Data records:
-.-.-

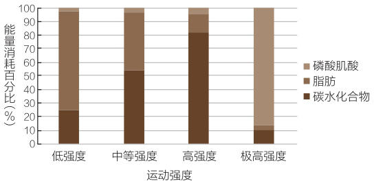 总体来说,运动时,运动强度越高,碳水化合物消耗越多,运动强度越低,脂肪消耗越多。而在运动强度特别高的时候,磷酸肌酸供能的比例就会非常大。
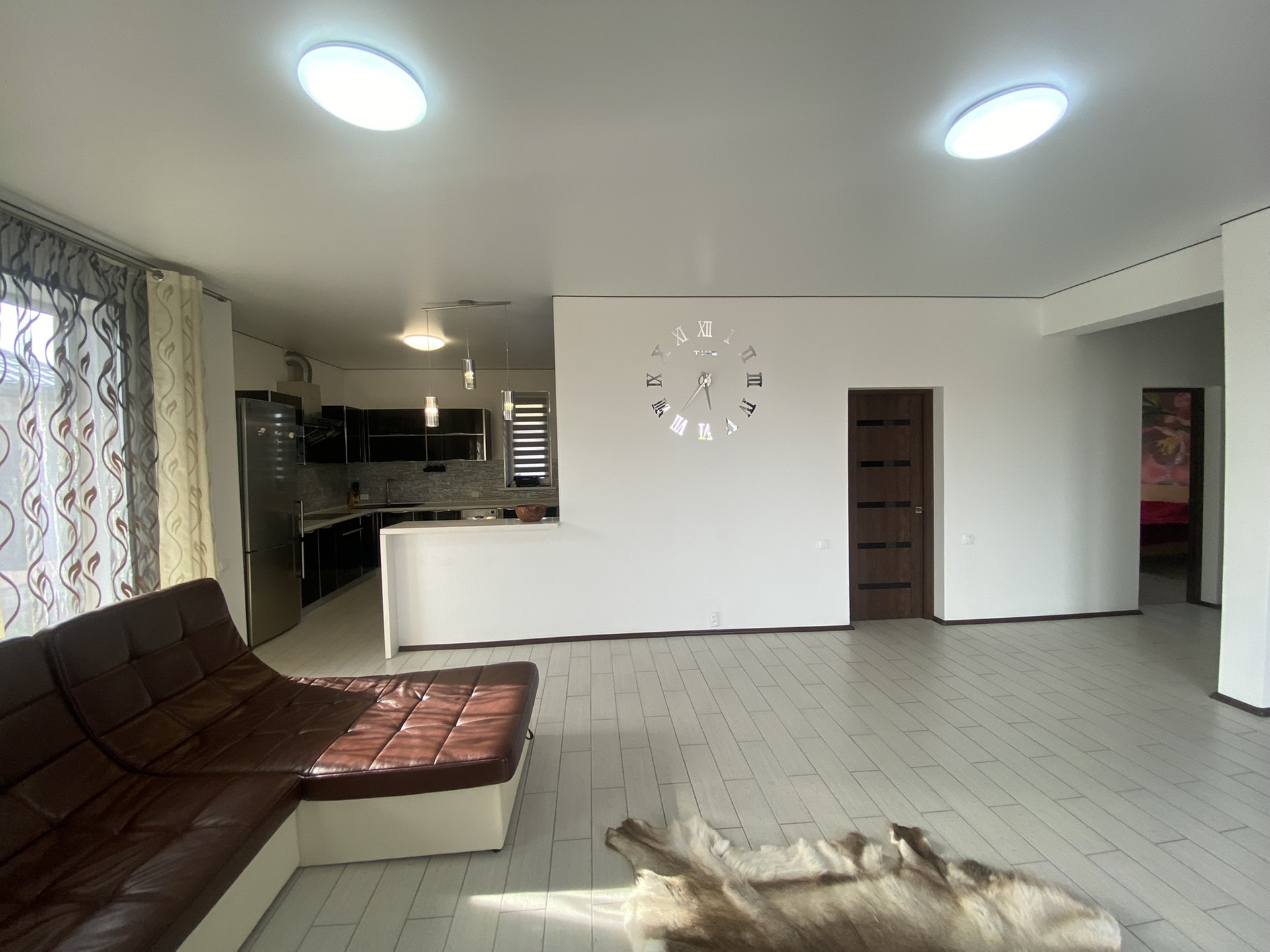 Дом общей площадью 122 м2 + летняя терраса под крышей. Просторная прихожая, огромная гостиная с кухней с выходом на участок, большая ванная комната с сауной, 3 спальни с выходом на участок, котельная. Высота потолков 3,2 метра.
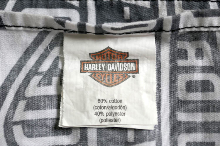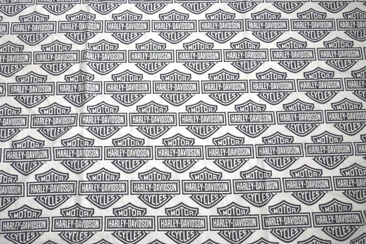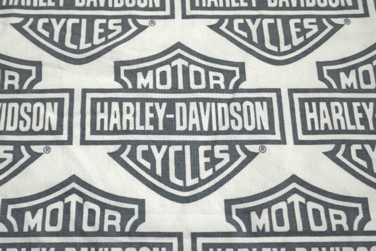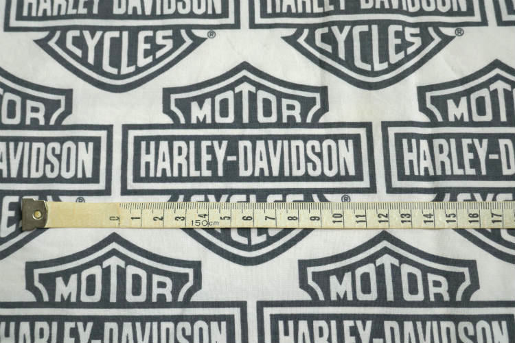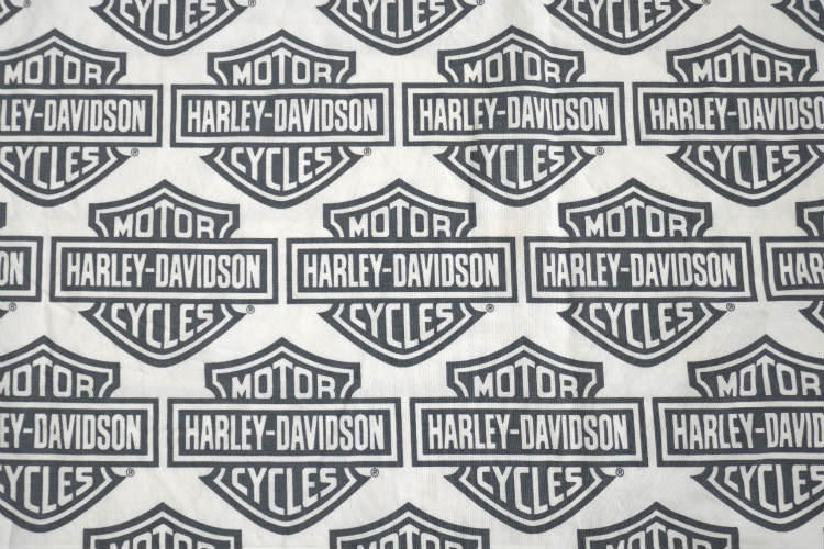 ホワイトベースに、ハーレーダビッドソンのロゴ【HARLEY-DAVIDSON® MOTOR CYCLES】の総柄プリントです。
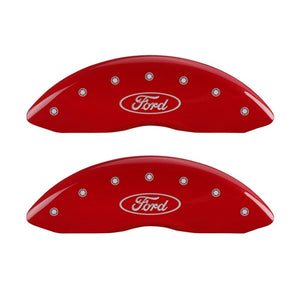 MGP Front set 2 Caliper Covers Engraved Front Oval logo/Ford Red finish silver ch - 10234FFRDRD
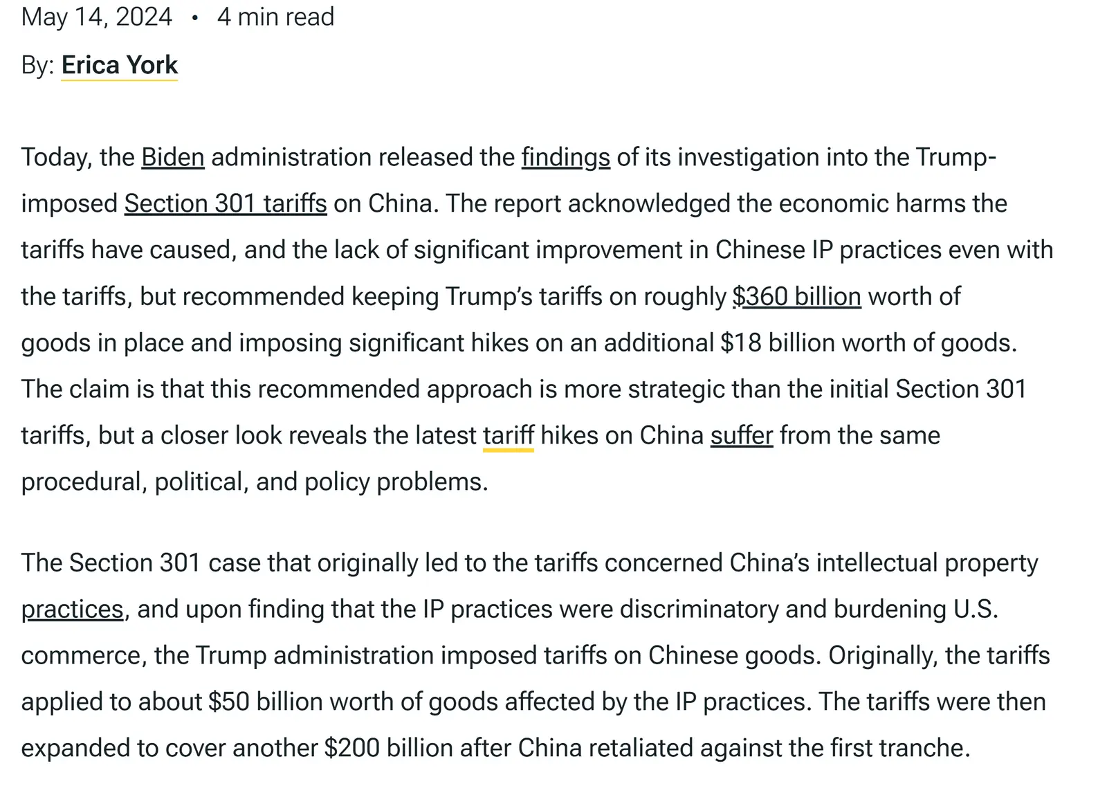 Biden didn't simply waive his arms and impose "very steep tariffs" on China.

-.-.-

## AIM OF THE EXERCISE
For the data above, set down exactly the lines from the line with "Дом общей площадью" to the line with "MGP Front set", both included, leaving pictures out.

## THE COMPLETED TASK
 Дом общей площадью 122 м2 + летняя терраса под крышей. Просторная прихожая, огромная гостиная с кухней с выходом на участок, большая ванная комната с сауной, 3 спальни с выходом на участок, котельная. Высота потолков 3,2 метра.
 ホワイトベースに、ハーレーダビッドソンのロゴ【HARLEY-DAVIDSON® MOTOR CYCLES】の総柄プリントです。
 MGP Front set 2 Caliper Covers Engraved Front Oval logo/Ford Red finish silver ch - 10234FFRDRD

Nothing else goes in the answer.